TASK STATEMENT
Write out the listing below character for character, though without its pictures.

INFORMATION SHOWN
------------------------------------------------
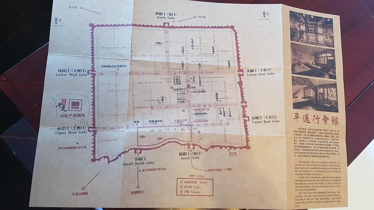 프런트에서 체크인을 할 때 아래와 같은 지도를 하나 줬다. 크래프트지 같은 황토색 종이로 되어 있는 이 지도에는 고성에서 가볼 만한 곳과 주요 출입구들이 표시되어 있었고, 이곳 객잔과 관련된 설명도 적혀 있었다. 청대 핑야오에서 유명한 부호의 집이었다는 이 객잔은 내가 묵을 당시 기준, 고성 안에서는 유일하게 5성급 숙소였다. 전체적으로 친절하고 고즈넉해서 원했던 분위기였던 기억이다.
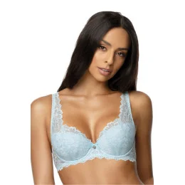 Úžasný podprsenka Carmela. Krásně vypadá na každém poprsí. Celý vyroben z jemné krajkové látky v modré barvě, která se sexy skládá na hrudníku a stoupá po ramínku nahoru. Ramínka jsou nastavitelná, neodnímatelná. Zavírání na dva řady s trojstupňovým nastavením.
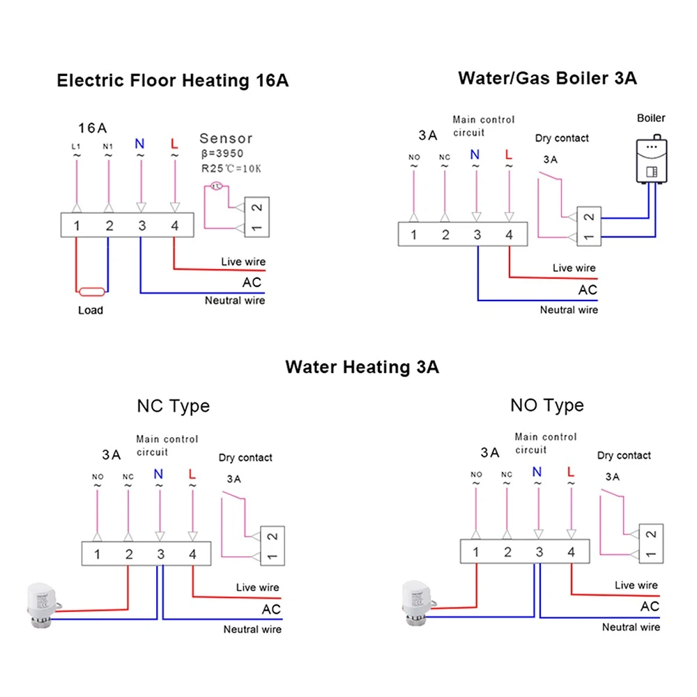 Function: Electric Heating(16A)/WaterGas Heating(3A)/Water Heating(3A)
------------------------------------------------
ANSWER SECTION
 프런트에서 체크인을 할 때 아래와 같은 지도를 하나 줬다. 크래프트지 같은 황토색 종이로 되어 있는 이 지도에는 고성에서 가볼 만한 곳과 주요 출입구들이 표시되어 있었고, 이곳 객잔과 관련된 설명도 적혀 있었다. 청대 핑야오에서 유명한 부호의 집이었다는 이 객잔은 내가 묵을 당시 기준, 고성 안에서는 유일하게 5성급 숙소였다. 전체적으로 친절하고 고즈넉해서 원했던 분위기였던 기억이다.
 Úžasný podprsenka Carmela. Krásně vypadá na každém poprsí. Celý vyroben z jemné krajkové látky v modré barvě, která se sexy skládá na hrudníku a stoupá po ramínku nahoru. Ramínka jsou nastavitelná, neodnímatelná. Zavírání na dva řady s trojstupňovým nastavením.
 Function: Electric Heating(16A)/WaterGas Heating(3A)/Water Heating(3A)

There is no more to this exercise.